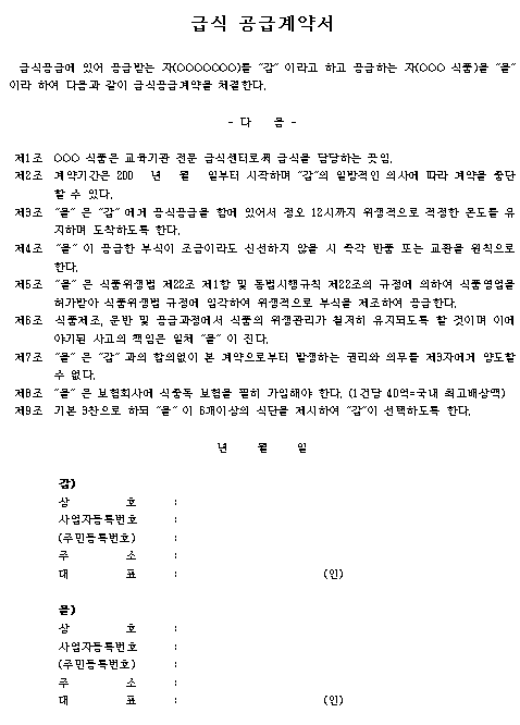 홈 문서/서식 [서식] 급식공급계약서(급식납품계약서) [서식] 급식공급계약서(급식납품계약서) 하보니 2월 19, 2021 서 식 명: 급식공급계약서(급식납품계약서) 서식 포맷: 파일 다운로드: 급식공급계약서(급식납품계약서).zip Tags: 계약서문서/서식 Facebook Twitter Whatsapp 다음 이전
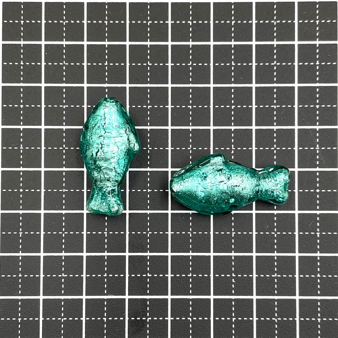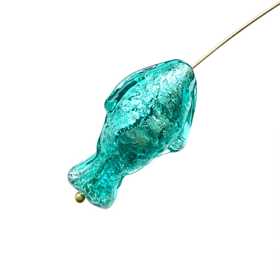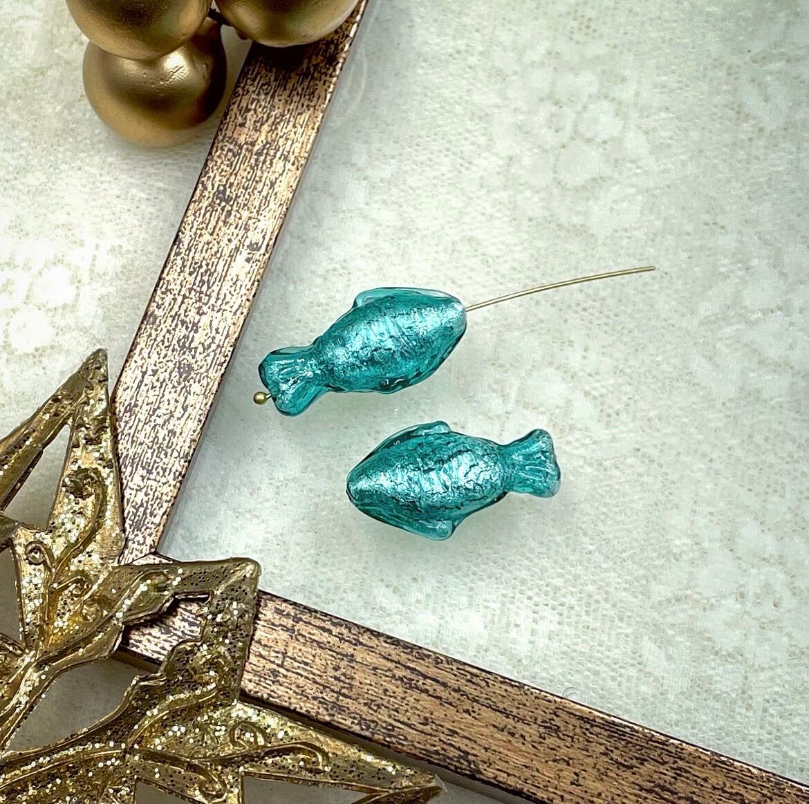 ヴェネチアンならではの、魚の形のビーズです。WG箔入り、サイズは縦約27mm、個体差があります。2個セット(2粒のサイズは、揃えてお入れします)。イタリア製。
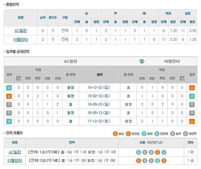 ▶AC밀란 vs 아탈란타 5경기 전적 1승 2무 2패(AC밀란 홈 1무 1패)
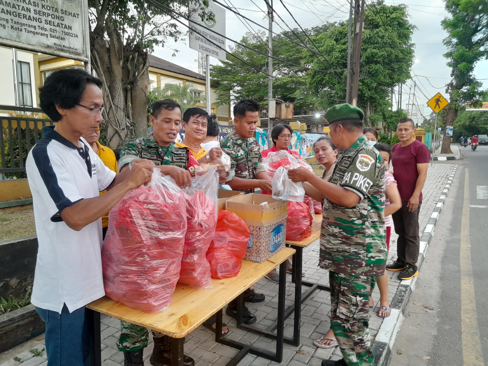 Dandim 0506/Tgr Kolonel Inf Ali Imran melalui Danramil 03/Serpong Mayor Kav Sutarto, Jum'at (14/04/2023) mengatakan anggota yang turun ke jalan memberikan langsung ke pengendara yang melewati di depan Makoramil 03/Serpong.
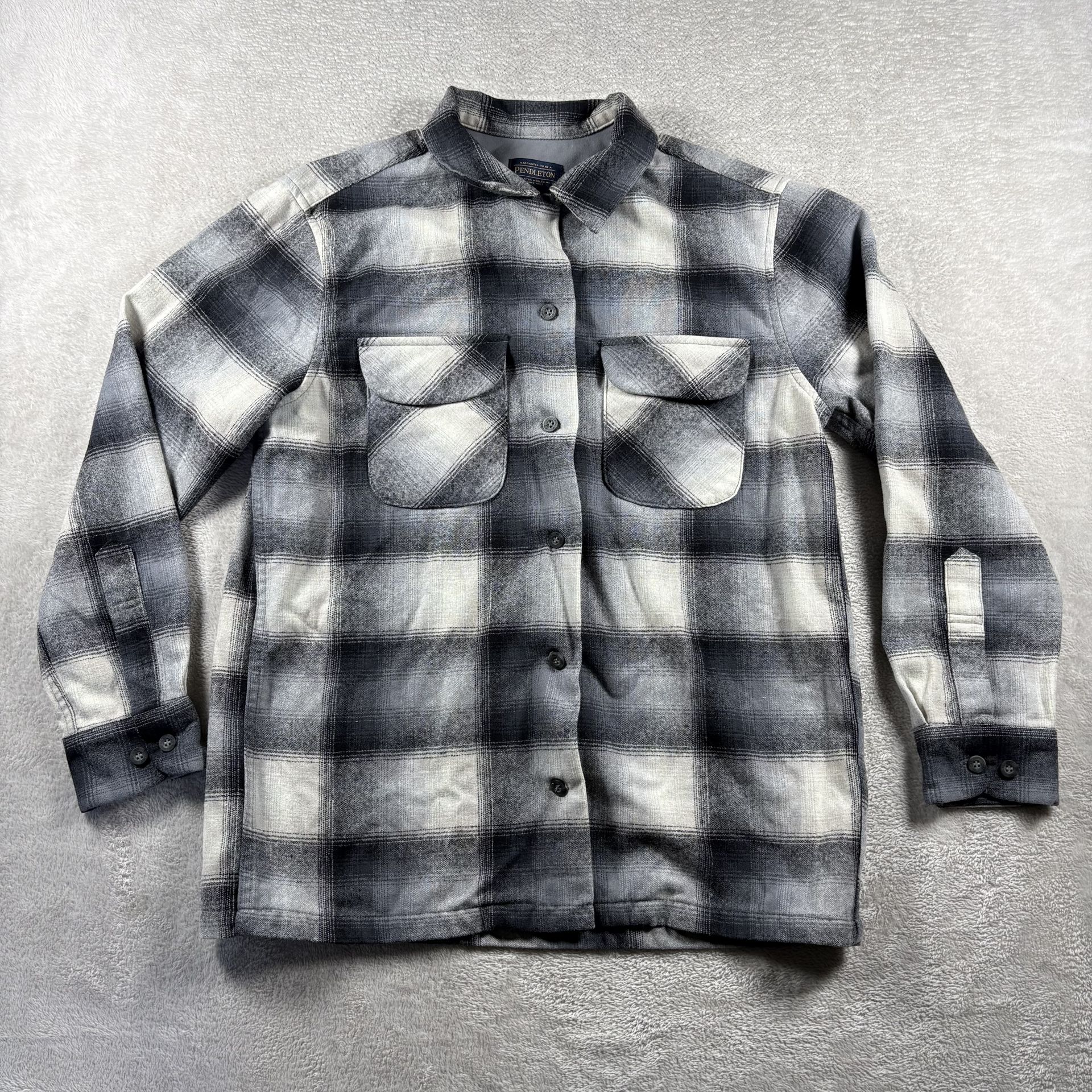 Pendleton Men’s S Gray Black Plaid 100% Virgin Wool Shirt Button #1960

### Task requirements
Reproduce all the material exactly, omitting images.

### Worked solution
 홈 문서/서식 [서식] 급식공급계약서(급식납품계약서) [서식] 급식공급계약서(급식납품계약서) 하보니 2월 19, 2021 서 식 명: 급식공급계약서(급식납품계약서) 서식 포맷: 파일 다운로드: 급식공급계약서(급식납품계약서).zip Tags: 계약서문서/서식 Facebook Twitter Whatsapp 다음 이전
 ヴェネチアンならではの、魚の形のビーズです。WG箔入り、サイズは縦約27mm、個体差があります。2個セット(2粒のサイズは、揃えてお入れします)。イタリア製。
 ▶AC밀란 vs 아탈란타 5경기 전적 1승 2무 2패(AC밀란 홈 1무 1패)
 Dandim 0506/Tgr Kolonel Inf Ali Imran melalui Danramil 03/Serpong Mayor Kav Sutarto, Jum'at (14/04/2023) mengatakan anggota yang turun ke jalan memberikan langsung ke pengendara yang melewati di depan Makoramil 03/Serpong.
 Pendleton Men’s S Gray Black Plaid 100% Virgin Wool Shirt Button #1960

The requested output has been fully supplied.